▸ Data below
╔══

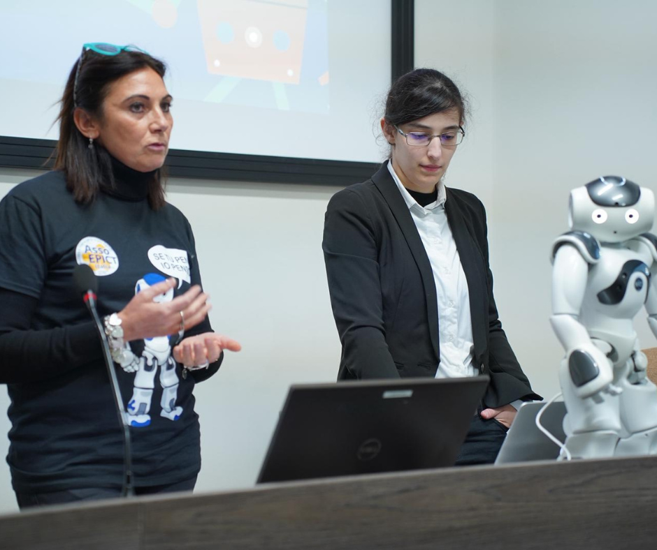 Con NAO invece abbiamo unito la robotica all’inclusione attraverso l’esperienza efficace di Giusy Ponzetta e Lisa Cesario, docente ed esperta EPICT la prima, sviluppatrice di CeSIA S.r.l la seconda. Mediante un software il robot può supportare l’affiancamento di studenti e studentesse con difficoltà di apprendimento e disabilità.
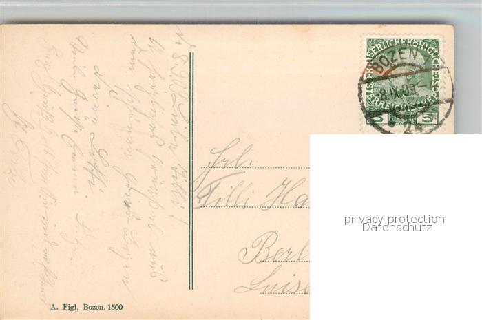 43534308 Gries-Quirein Bozen Rosengarten postalisch gelaufen Erhaltung siehe scans [PaolaD17] old postcard Paol Katcode 11240
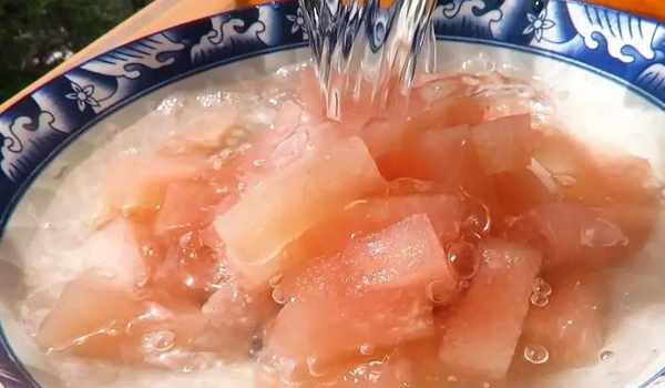 2,把白色瓤處理好後,切成均勻的小塊。把所有切好的白瓤全部放進大碗中,加入清水,浸泡10分鐘。
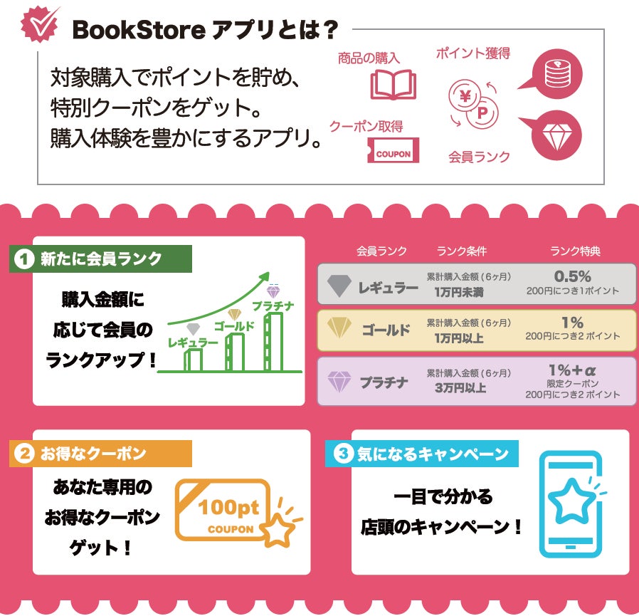 「BookStore」アプリをご利用いただくことで、より便利に・よりお得なサービスが提供できるようになりました。スマートフォンだけで会員サービスを利用でき、以下の特徴があります。

╚══

▸ What is expected
Transcribe the listing exactly; omit all images.

▸ Finished exercise
 Con NAO invece abbiamo unito la robotica all’inclusione attraverso l’esperienza efficace di Giusy Ponzetta e Lisa Cesario, docente ed esperta EPICT la prima, sviluppatrice di CeSIA S.r.l la seconda. Mediante un software il robot può supportare l’affiancamento di studenti e studentesse con difficoltà di apprendimento e disabilità.
 43534308 Gries-Quirein Bozen Rosengarten postalisch gelaufen Erhaltung siehe scans [PaolaD17] old postcard Paol Katcode 11240
 2,把白色瓤處理好後,切成均勻的小塊。把所有切好的白瓤全部放進大碗中,加入清水,浸泡10分鐘。
 「BookStore」アプリをご利用いただくことで、より便利に・よりお得なサービスが提供できるようになりました。スマートフォンだけで会員サービスを利用でき、以下の特徴があります。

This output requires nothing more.